I feel bad for him. I feel sorry for myself. I know the right thing to do would be to rip off the plaster and send him away. He’s be in agony, as would I, but probably in the end we’d both find our feet…….slowly……..and have better lives for it. Ethers, he is a Londoner through and through. He is a fish out of water here and he is never going to learn to swim. The problem is neither of us know what to do. It’s like we are Siamese twins. We’ve been attached for so long that even though the option of separation would be best, it’s too scary to think about cutting us apart. I really can’t imagine my life without him in it.
Right now I’m scared. Terrified. This is the guy who I thought I’d be with forever. I thought I got lucky young. And now, on the brink of 30, my whole world is upside down. When he told me that he didn’t know that he was in love with me anymore—the truth is—the world didn’t freeze—it sort of thawed. He was on to something.
But you know what happens if we aren’t lovers…..he’s gone forever.
He’ll never speak to me or see me again. 8 years and he’ll never speak my name again. And I have never really dated. Will I, after one horrible date after the other, dream of him and what a fool I was to let him fly away? Will I spend the rest of my life running after him? Will I become the ultimate bolter?
I’ve never experienced anyone dying, or had major surgery. But I think this is the most painful thing that has ever happened to me. I live with the ghost of English gent—his body and face are the same. His clothes are familiar. But his eyes are slightly different and his soul has completely morphed. He probably thinks the same of me.
I know I still love him because while I’m writing this my heart doesn’t hurt for me, but for him. For everything he might lose. For his pain. If you don’t love someone, those feelings don’t exist.
Once he goes back to England—my life in England is singed at the tips. I’ll have nothing left but some photos and an expired Oyster card. He was supposed to be my London. My own piece of my fantasy that I loved for 8 years. And when he leaves, all I’ll have are faded memories. I can’t help but feel this is all my fault. If I could have just wanted for nothing and been quiet and content. What does one do with a really broken heart shattering with every beat in ones chest? I feel like a 50 year old woman who is in the middle of a divorce. But I’m only 29. And he’s only 27. I feel like screaming at the top of my lungs HELP. But I can’t because it is a dirty secret he and I have to keep from our families. We have no one. We really only had each other and now we are each other’s worst enemy.
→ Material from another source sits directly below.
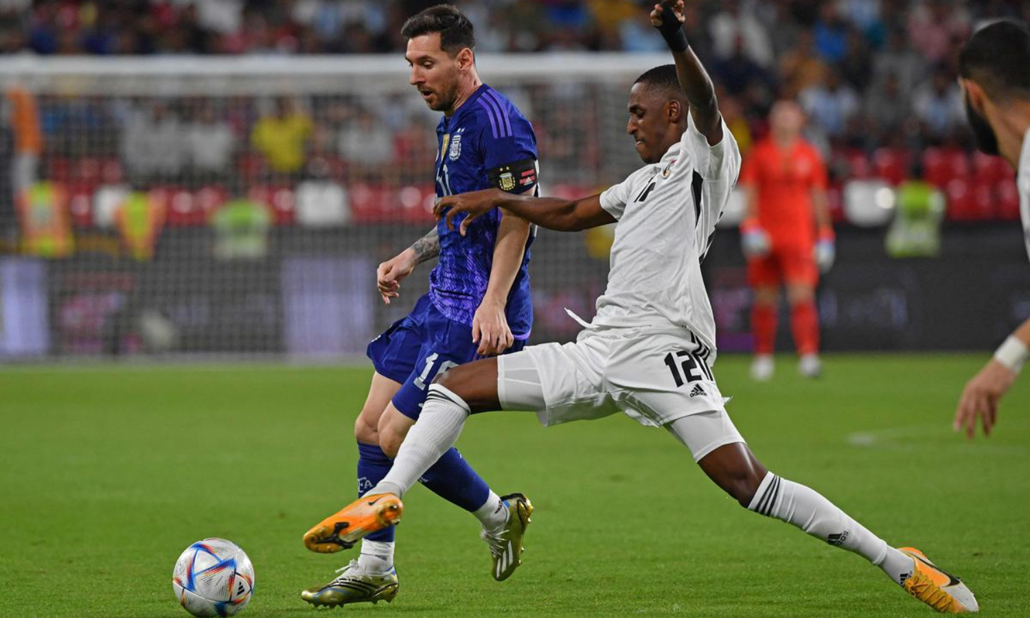 മുഹമ്മദ് ബിൻ സായിദ് സ്റ്റേഡിയത്തിൽ കളിയുടെ തുടക്കം മുതൽ അർജന്റീനയാണ് കളം നിറഞ്ഞു കളിച്ചത്.നിരന്തരമായ അർജന്റീനിയൻ മുന്നേറ്റങ്ങളിൽ യു.എ.ഇ പ്രതിരോധം ആടിയുലഞ്ഞു. കളിയുടെ 17ാം മിനിറ്റിൽ അർജന്റീന ആദ്യ ഗോൾ കണ്ടെത്തി.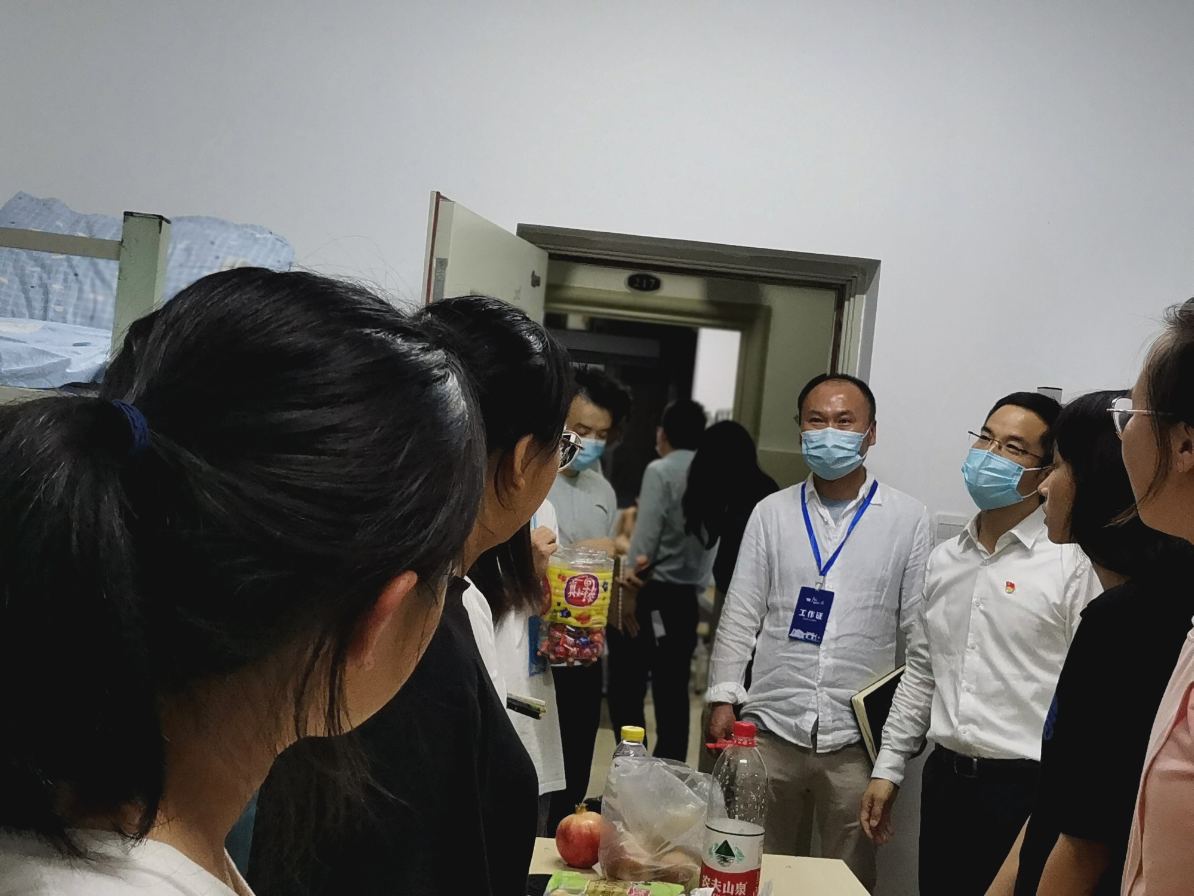 一天忙碌迎新后,到了晚上董事长和经理带领着新生辅导员以及老生去慰问新生,充分展现了公司领导对新生的重视。

I can’t write anymore. Wow…and this started off as a lighthearted post. And I am so sorry to be repetitive. You have all given me your best and most thought out advice. I know we should break up. I know. I know. I know. But can you see it from my point of view Ethers? Please? Try and remember when you were in relationship binds. It isn’t so cut and dry. You don’t need to bother leaving me a comment. Thanks for letting me vent. Whoever you are out there reading this—-thank you for listening. If I had 1 wish it would be to do it all over again. I really fucked up my life. How do you live with that? I guess you do….I’m still breathing……but all I want to do is just go to sleep.